Nothing but the lines below from the one containing "The Cotys Top" through the one containing "该车型采用福特底盘打造,配备" should appear in the answer, exact and without pictures.

Supplied data:
----------
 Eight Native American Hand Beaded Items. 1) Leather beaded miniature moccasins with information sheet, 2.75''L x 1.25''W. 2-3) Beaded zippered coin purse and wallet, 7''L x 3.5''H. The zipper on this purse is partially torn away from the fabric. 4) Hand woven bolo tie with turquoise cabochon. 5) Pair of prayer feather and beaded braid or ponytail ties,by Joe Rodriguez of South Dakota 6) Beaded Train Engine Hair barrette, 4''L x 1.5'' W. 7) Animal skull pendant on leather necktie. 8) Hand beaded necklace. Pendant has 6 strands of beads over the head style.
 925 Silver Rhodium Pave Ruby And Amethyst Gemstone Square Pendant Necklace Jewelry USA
----------
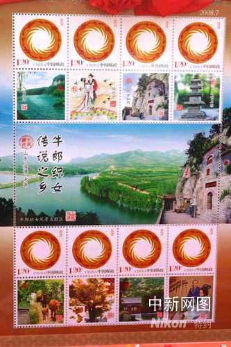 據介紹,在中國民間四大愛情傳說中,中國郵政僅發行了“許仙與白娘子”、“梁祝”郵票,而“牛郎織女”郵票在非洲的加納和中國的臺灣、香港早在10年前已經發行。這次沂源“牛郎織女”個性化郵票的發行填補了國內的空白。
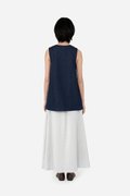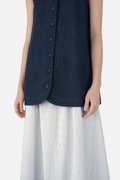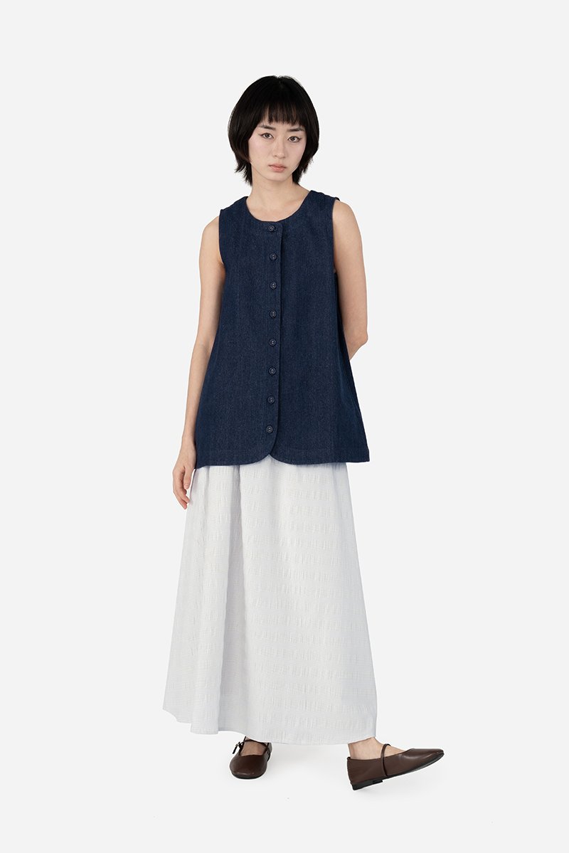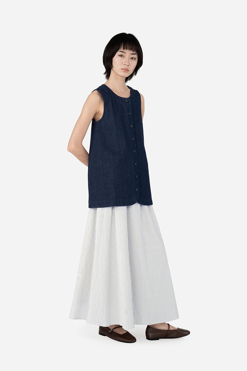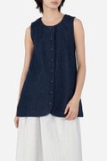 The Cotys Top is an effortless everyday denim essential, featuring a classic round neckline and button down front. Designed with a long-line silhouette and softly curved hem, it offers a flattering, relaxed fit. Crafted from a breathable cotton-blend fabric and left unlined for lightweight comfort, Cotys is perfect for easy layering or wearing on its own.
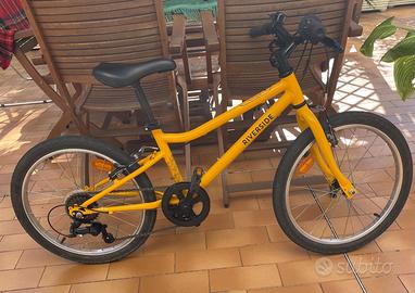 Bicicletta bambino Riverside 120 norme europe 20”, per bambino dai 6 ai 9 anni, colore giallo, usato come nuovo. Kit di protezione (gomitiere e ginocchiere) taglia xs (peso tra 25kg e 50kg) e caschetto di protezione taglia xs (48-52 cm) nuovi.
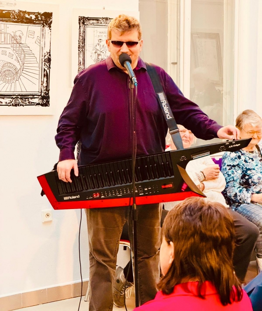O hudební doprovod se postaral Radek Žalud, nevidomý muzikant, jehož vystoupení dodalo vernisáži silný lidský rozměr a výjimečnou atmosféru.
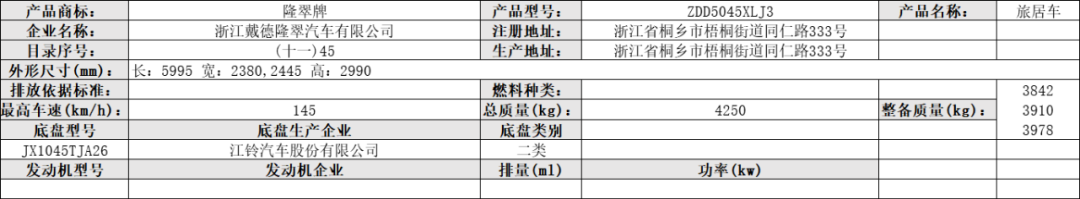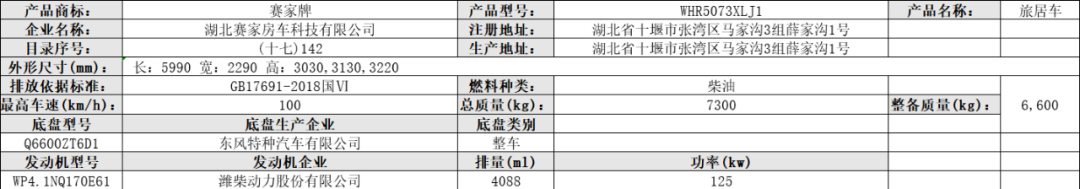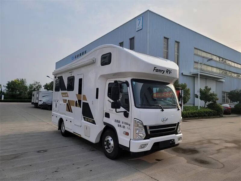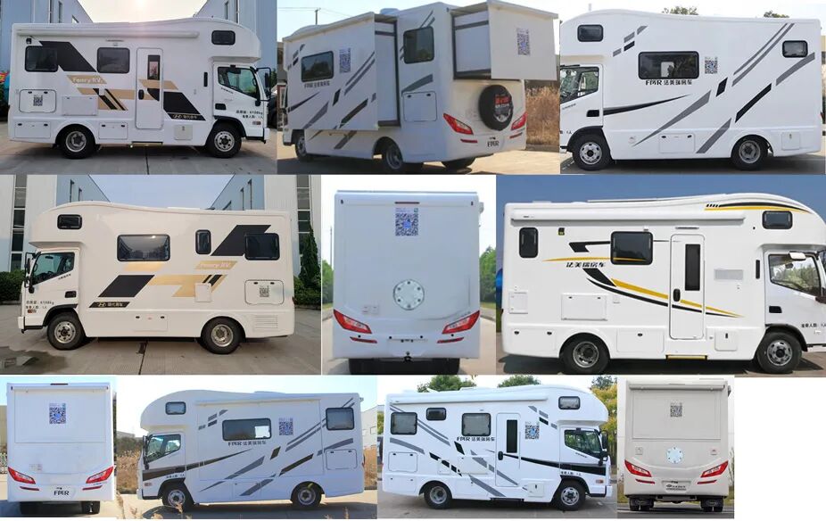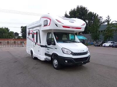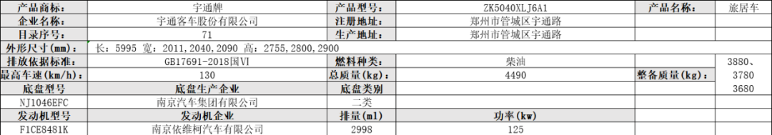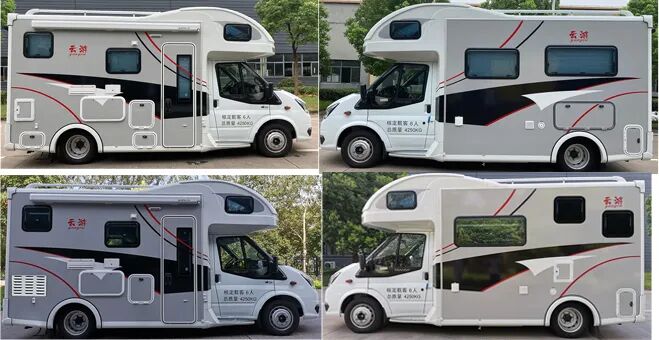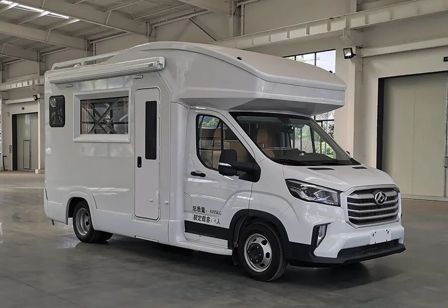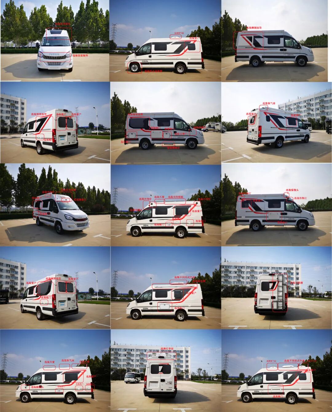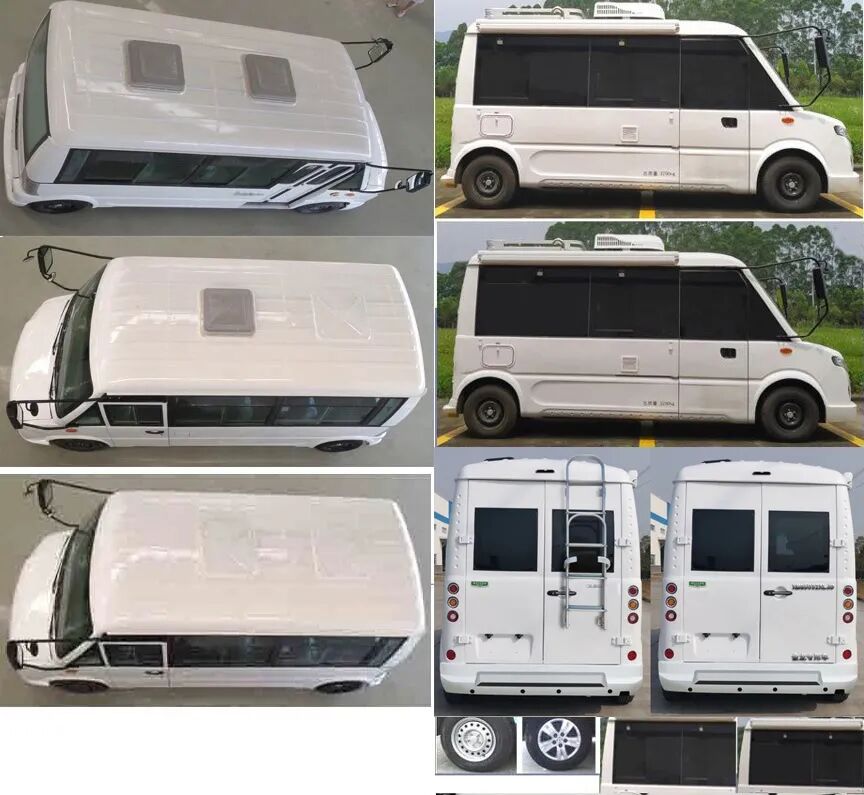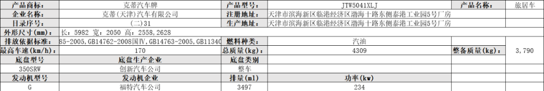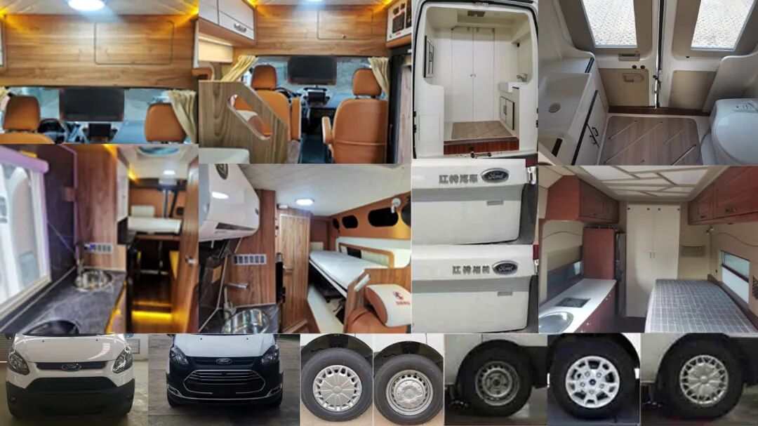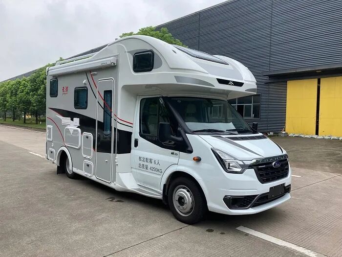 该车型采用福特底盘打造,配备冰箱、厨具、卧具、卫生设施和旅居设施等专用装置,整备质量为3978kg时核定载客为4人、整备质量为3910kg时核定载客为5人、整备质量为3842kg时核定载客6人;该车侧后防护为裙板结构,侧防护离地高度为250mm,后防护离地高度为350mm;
----------
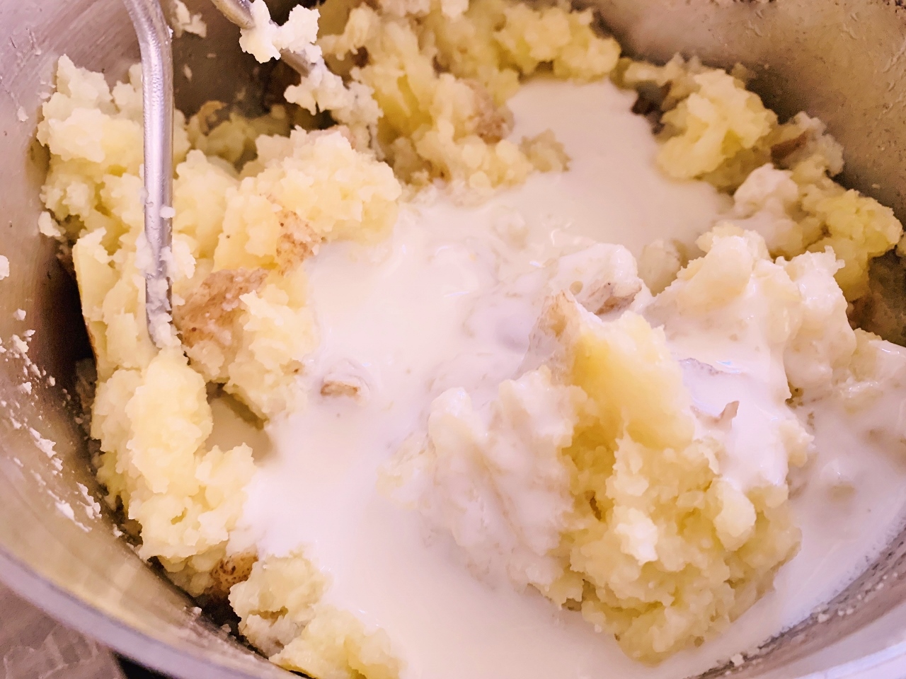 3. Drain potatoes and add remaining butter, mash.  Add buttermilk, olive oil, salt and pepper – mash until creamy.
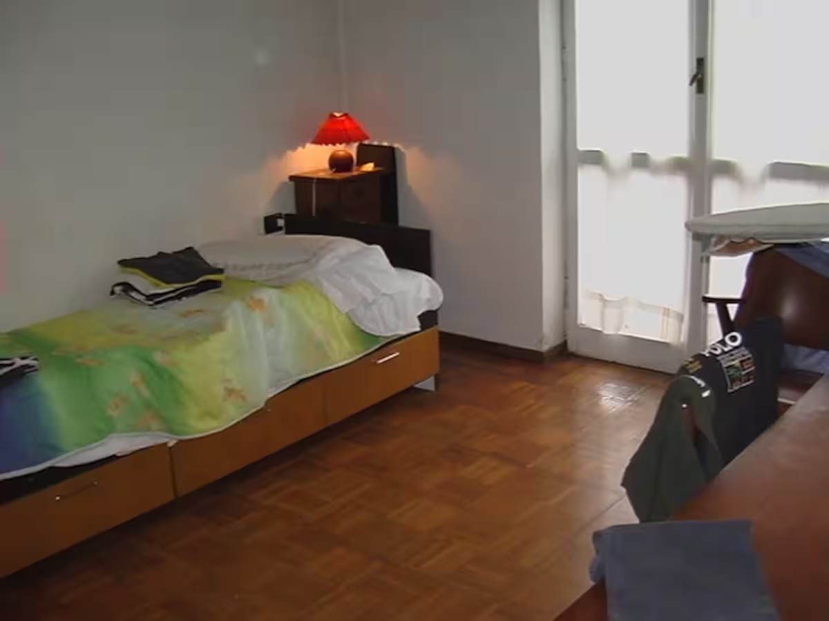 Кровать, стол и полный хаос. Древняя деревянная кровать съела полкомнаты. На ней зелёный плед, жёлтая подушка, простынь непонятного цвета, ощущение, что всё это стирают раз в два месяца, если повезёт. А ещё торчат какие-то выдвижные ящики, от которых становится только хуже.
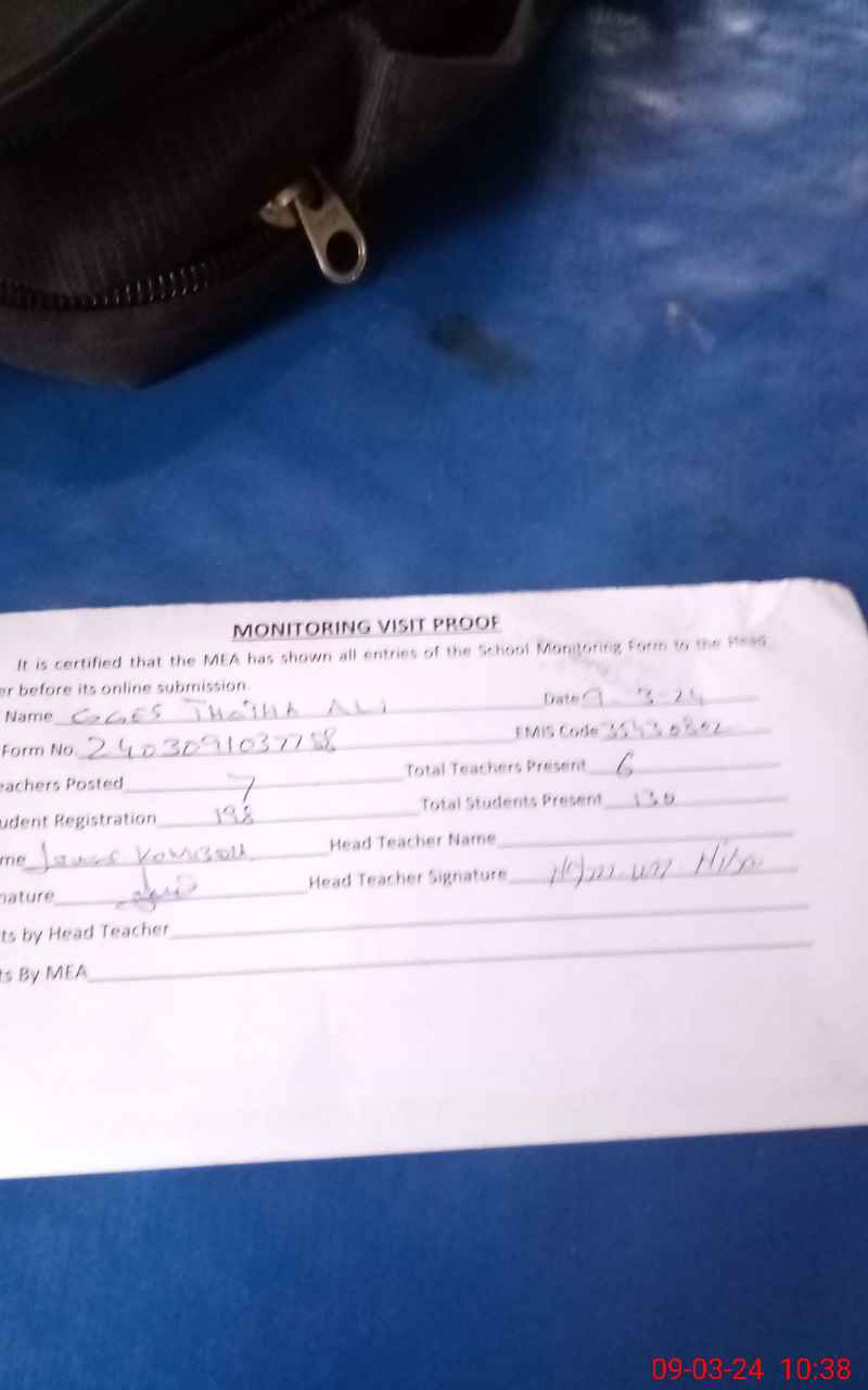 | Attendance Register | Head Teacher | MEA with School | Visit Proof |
----------
Completed task:
 The Cotys Top is an effortless everyday denim essential, featuring a classic round neckline and button down front. Designed with a long-line silhouette and softly curved hem, it offers a flattering, relaxed fit. Crafted from a breathable cotton-blend fabric and left unlined for lightweight comfort, Cotys is perfect for easy layering or wearing on its own.
 Bicicletta bambino Riverside 120 norme europe 20”, per bambino dai 6 ai 9 anni, colore giallo, usato come nuovo. Kit di protezione (gomitiere e ginocchiere) taglia xs (peso tra 25kg e 50kg) e caschetto di protezione taglia xs (48-52 cm) nuovi.
O hudební doprovod se postaral Radek Žalud, nevidomý muzikant, jehož vystoupení dodalo vernisáži silný lidský rozměr a výjimečnou atmosféru.
 该车型采用福特底盘打造,配备冰箱、厨具、卧具、卫生设施和旅居设施等专用装置,整备质量为3978kg时核定载客为4人、整备质量为3910kg时核定载客为5人、整备质量为3842kg时核定载客6人;该车侧后防护为裙板结构,侧防护离地高度为250mm,后防护离地高度为350mm;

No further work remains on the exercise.